■ **TASK ITEM**
Exclude all images and print the entries below exactly.

■ **Stored dataset items**

● ● ● ● ●

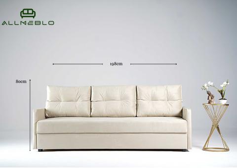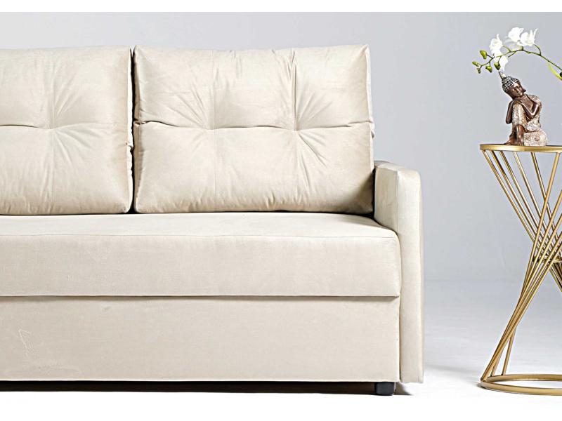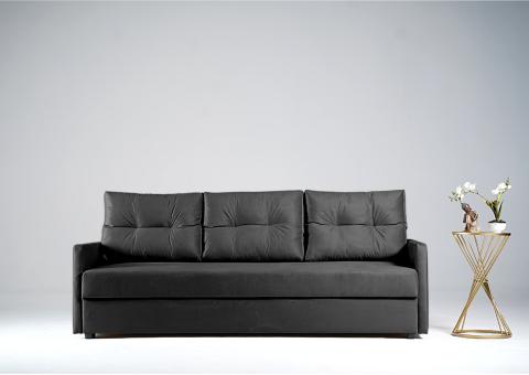 - Sofa z funkcją spania, który idealnie nada się zarówno do małego pokoju w bloku jak i w większych pomieszczeniach.
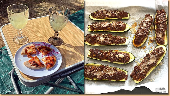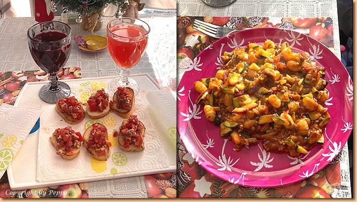 | Wir überlassen den Einheimischen die Stadt und fahren nach einem Einkauf wieder retour. In Cassuzze ist es ruhiger, wir machen Pause und geniessen einen Aperitivo. Daheim plündern wir den Kühlschrank, das Ergebnis ist ein super schmeckender kunterbunter Auflauf. |
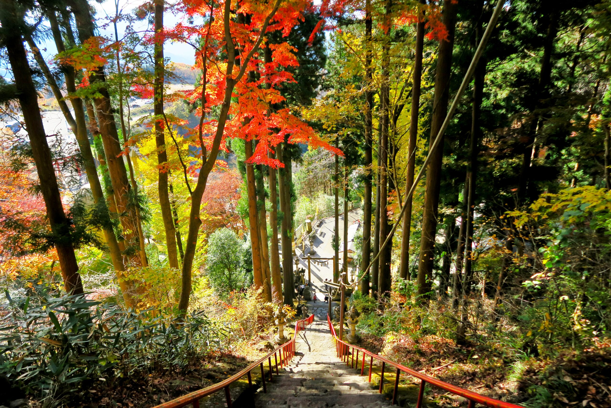 拝殿からは145段、斜度40°の長い急な階段を神社に祀られている黄金色の大黒様を見ながら下りていきます。
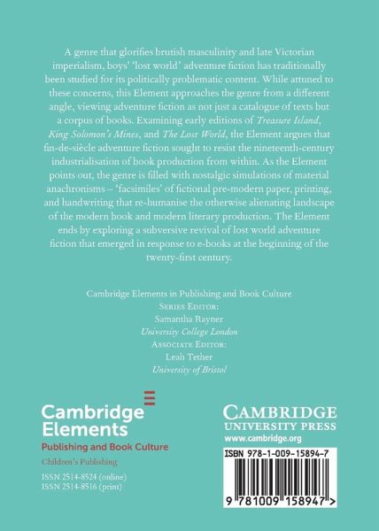 This Element approaches the genre of boys' adventure fiction as not just a catalogue of texts but a corpus of books. Examining early editions of Treasure Island, King Solomon's Mines, and The Lost World, the Element argues that fin-de-siecle adventure fiction sought to resist the nineteenth-century industrialisation of book production from within.
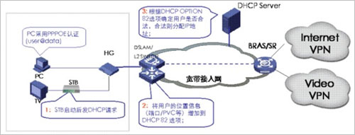 當(dāng)網(wǎng)絡(luò)設(shè)備收到STB的DHCP請(qǐng)求報(bào)文時(shí),需要在報(bào)文后添加OPTION82字段,此時(shí)有兩種模式進(jìn)行DHCP+認(rèn)證,一種是直接把DHCP報(bào)文送給DHCP服務(wù)器,由DHCP服務(wù)器根據(jù)OPT82字段來(lái)判斷該用戶是否為合法用戶,從而決定是否為其分配IP地址。另一種是DHCP報(bào)文先送到BRAS,由BRAS將OPT82字段放到RADIUS的一個(gè)子域里,通過(guò)RADIUS服務(wù)器來(lái)進(jìn)行用戶合法性認(rèn)證,若用戶合法,再由DHCP服務(wù)器分配IP地址。
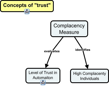 This Concept Map, created with IHMC CmapTools, has information related to: Trust in Automation-Complacency Measurement, Complacency Measure identifies High Complacenty Individuals, Complacency Measure evaluates Level of Trust in Automaiton
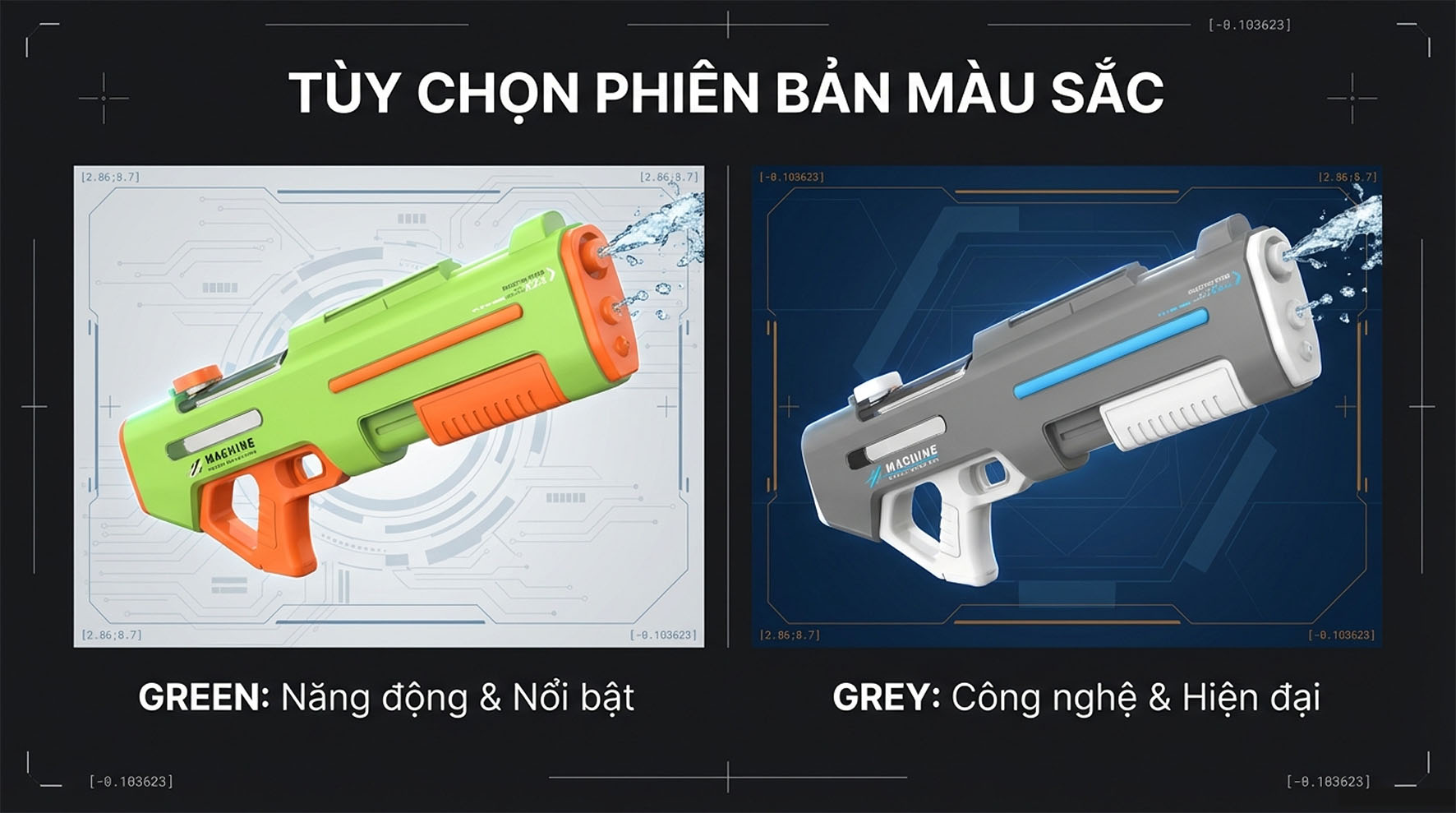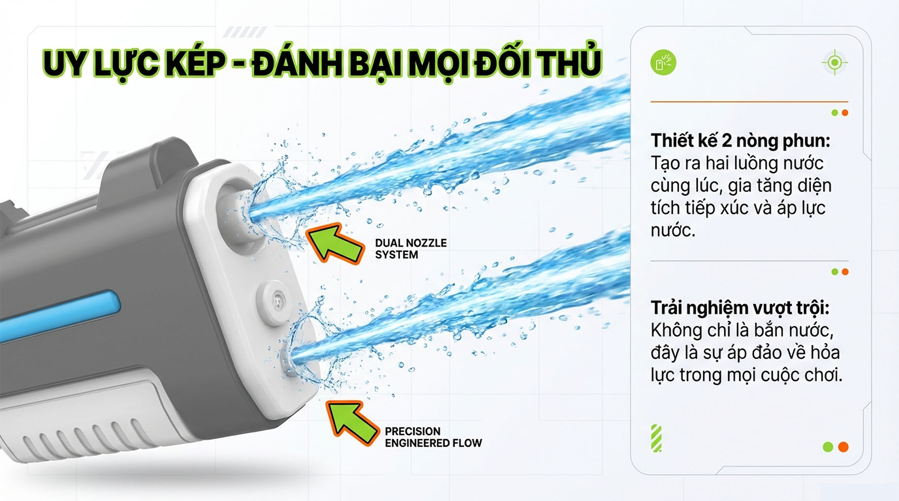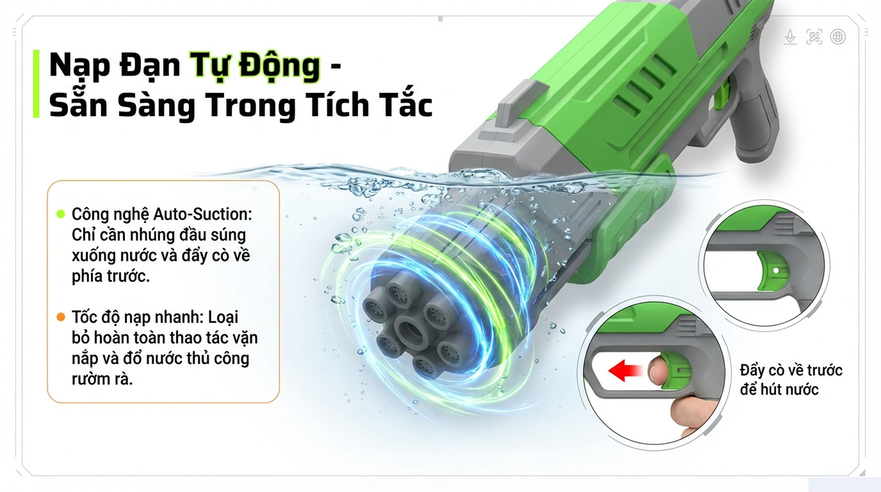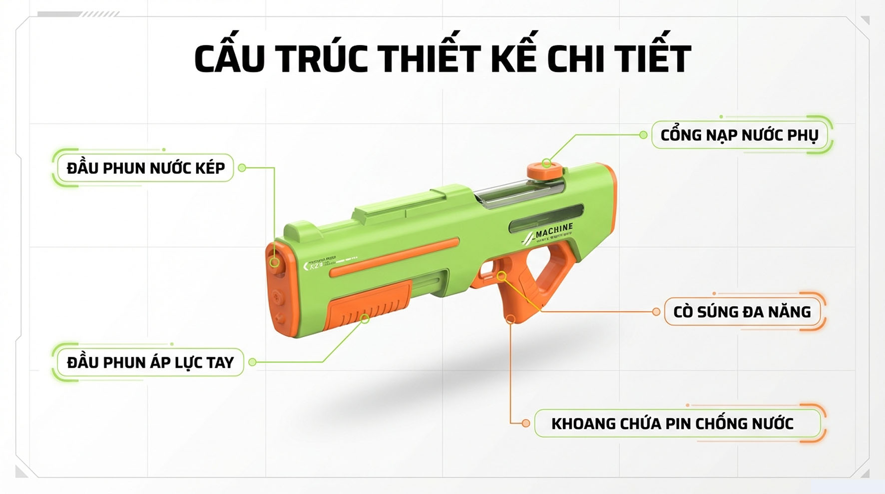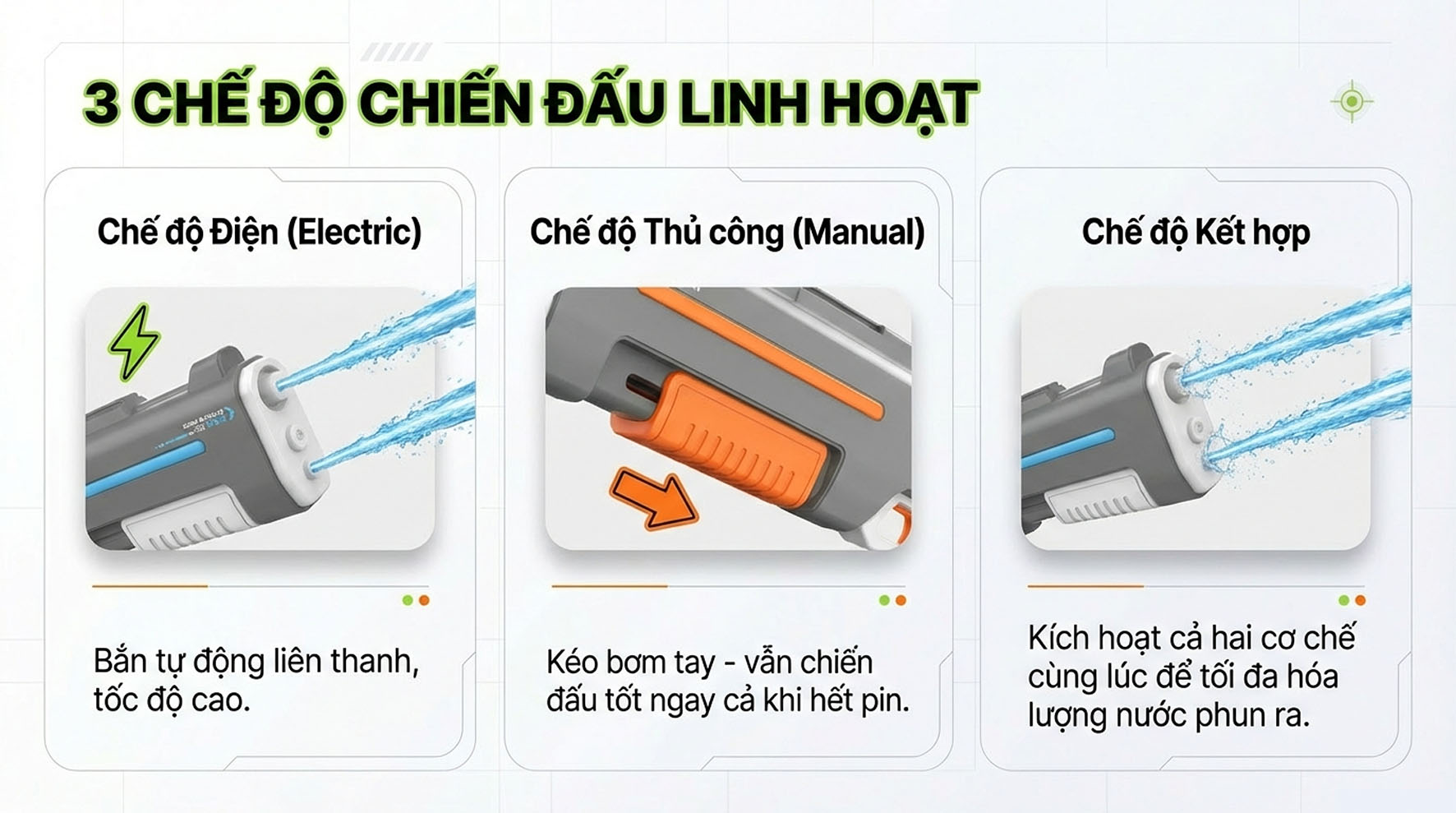 4 – Súng nước có 2 lớp chống thấm có thể tiếp xúc với nước trong thời gian ngắn. Vui lòng không ngâm trong nước trong thời gian dài. Tránh làm hỏng các linh kiện điện tử.

● ● ● ● ●

■ **OUTPUT OF THE TASK**
 - Sofa z funkcją spania, który idealnie nada się zarówno do małego pokoju w bloku jak i w większych pomieszczeniach.
 | Wir überlassen den Einheimischen die Stadt und fahren nach einem Einkauf wieder retour. In Cassuzze ist es ruhiger, wir machen Pause und geniessen einen Aperitivo. Daheim plündern wir den Kühlschrank, das Ergebnis ist ein super schmeckender kunterbunter Auflauf. |
 拝殿からは145段、斜度40°の長い急な階段を神社に祀られている黄金色の大黒様を見ながら下りていきます。
 This Element approaches the genre of boys' adventure fiction as not just a catalogue of texts but a corpus of books. Examining early editions of Treasure Island, King Solomon's Mines, and The Lost World, the Element argues that fin-de-siecle adventure fiction sought to resist the nineteenth-century industrialisation of book production from within.
 當(dāng)網(wǎng)絡(luò)設(shè)備收到STB的DHCP請(qǐng)求報(bào)文時(shí),需要在報(bào)文后添加OPTION82字段,此時(shí)有兩種模式進(jìn)行DHCP+認(rèn)證,一種是直接把DHCP報(bào)文送給DHCP服務(wù)器,由DHCP服務(wù)器根據(jù)OPT82字段來(lái)判斷該用戶是否為合法用戶,從而決定是否為其分配IP地址。另一種是DHCP報(bào)文先送到BRAS,由BRAS將OPT82字段放到RADIUS的一個(gè)子域里,通過(guò)RADIUS服務(wù)器來(lái)進(jìn)行用戶合法性認(rèn)證,若用戶合法,再由DHCP服務(wù)器分配IP地址。
 This Concept Map, created with IHMC CmapTools, has information related to: Trust in Automation-Complacency Measurement, Complacency Measure identifies High Complacenty Individuals, Complacency Measure evaluates Level of Trust in Automaiton
 4 – Súng nước có 2 lớp chống thấm có thể tiếp xúc với nước trong thời gian ngắn. Vui lòng không ngâm trong nước trong thời gian dài. Tránh làm hỏng các linh kiện điện tử.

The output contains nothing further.